WitAI

WitAI is a component that turns spoken audio into written text. It lets you upload an audio file, sends it to the WitAI service, and receives the transcribed text back. You can also use it as a tool that an AI agent can call when it needs to understand spoken input.

How it Works

When you drop an audio file into the Speech to Text field, the file is first converted to a base64 string by the Binary Component. WitAI then receives this string along with your access token (stored in a credential) and returns the recognized text. The component simply passes that text forward as a Data output, and it can also expose the same information as a Tool that an agent can invoke.

Inputs

Mapping Mode

This component has a special mode called “Mapping Mode”. When you enable this mode using the toggle switch, an additional input called “Mapping Data” is activated, and each input field offers you three different ways to provide data:

Fixed: You type the value directly into the field.
Mapped: You connect the output of another component to use its result as the value.
Javascript: You write Javascript code to dynamically calculate the value.

This flexibility allows you to create more dynamic and connected workflows.

Input Fields

Speech to Text: The audio data in base64 format that you want to convert to text. Use the Binary Component to upload your audio file.
Access Token: The access token for your WitAI account. This is supplied through the WitAi credential.
Mapping Mode: Toggle this switch to enable batch processing of multiple audio records.
Tool Name: The name that will appear when this component is used as a tool by an agent.
Tool Description: A detailed description of what this tool does, helping the agent decide when to use it.
Tools arguments metadata: Defines the arguments metadata for the tool, allowing the agent to understand the expected input format.

Credential Setup

In Nappai’s Credentials section, create a new credential of type WitAi.

Enter your Access Token (password) and WitAi Server Connection URL.

In the component, select this credential from the Credential dropdown.

The credential fields themselves are not shown in the Input Fields list.

Outputs

Data: The transcribed text returned from WitAI, available as a Data object (GetData method).
Tool: A Tool object (to_toolkit method) that can be used by an AI agent to invoke the speech‑to‑text operation.

Usage Example

Upload Audio – Drag a Binary Component into the canvas and connect it to the Speech to Text input.
Configure Credential – In the component’s settings, choose the WitAi credential you created earlier.
Enable Mapping Mode – If you want to process several audio files at once, toggle Mapping Mode and connect a list of audio files to the Mapping Data input.
Run – Execute the workflow. The component will return the transcribed text in the Data output, which you can then feed into a text‑analysis component or expose as a tool for an agent.

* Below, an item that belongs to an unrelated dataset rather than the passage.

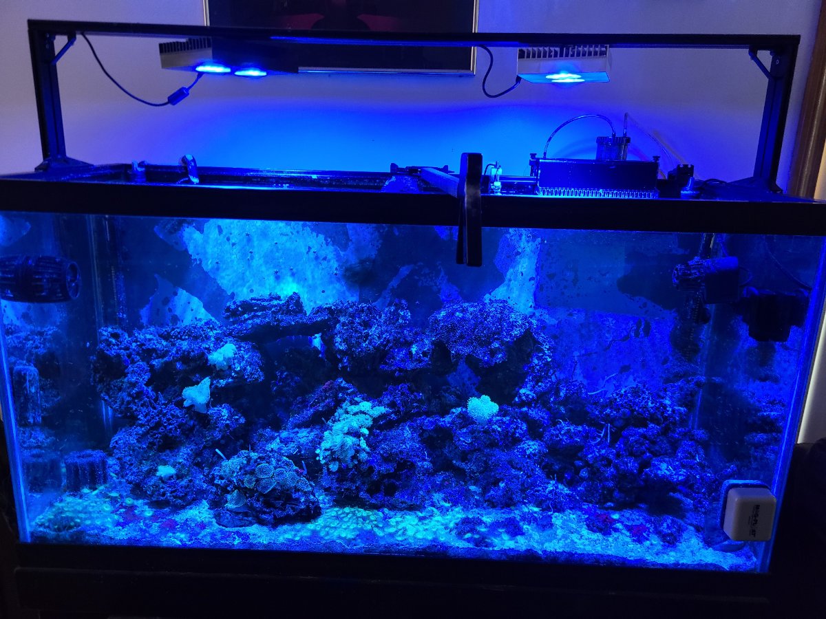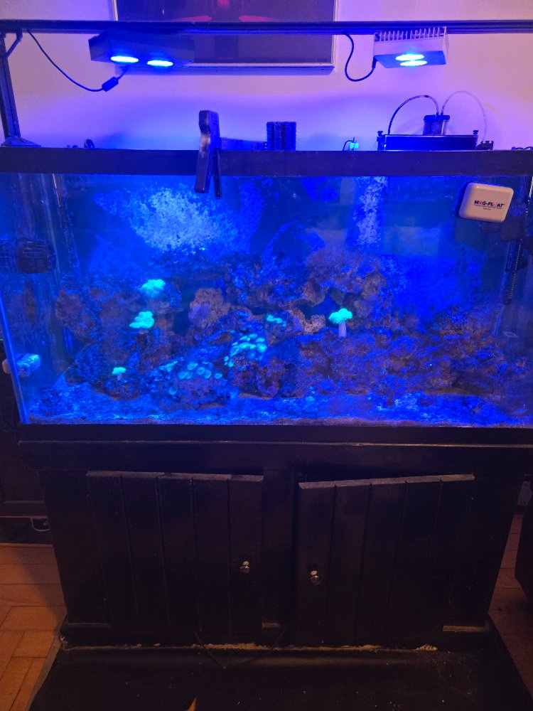 10 years 125 G Saltwater tank with stand with several corals and 55 lbs of live rocks, plus 2 Hydra 26 LED, one Vortech MP40 fan, Portable Refractometer, Aquatop 450 W Digital Heater (Brand new), 2 of 1 Gallon BRS Bulk GFO Granular Ferric Oxide from Bulk Reef Supply), Reagent Sea water Alkanility and free of: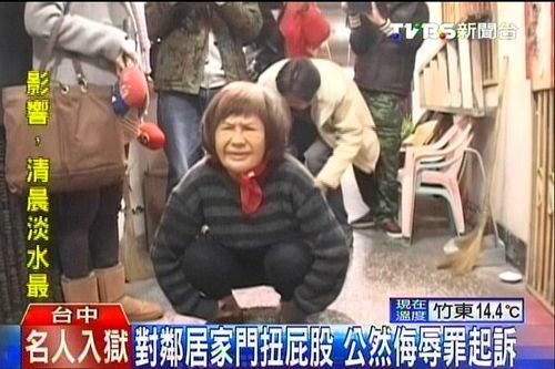 中新网11月29日电 台中市两家住户长年因为噪音问题而产生冲突,其中一方还每天跑到对方家门口,做出扭屁股、拍屁股等挑衅动作,过程全部都被监视器录下,检察官依据画面认定,扭屁股已经涉及公然侮辱,全案提起公诉。

Binary Component – Uploads and converts files to base64.
Text Analysis – Processes the transcribed text for sentiment, keywords, etc.
Agent Toolkit – Allows you to expose the WitAI component as a callable tool for AI agents.

Tips and Best Practices

Keep audio clips short (under 30 seconds) to stay within WitAI’s rate limits.
Use Mapping Mode when you have a batch of recordings to process in one run.
Verify that the WitAI credential is active; otherwise the component will fail to authenticate.
If you need to customize the WitAI request (e.g., language or model), consider extending the component or using a custom script.

Security Considerations

Store your WitAI access token in a secure credential; never hard‑code it in the workflow.
Ensure that only authorized users have access to the component and its credential.
When using Mapping Mode, validate the input data to avoid processing malicious audio files.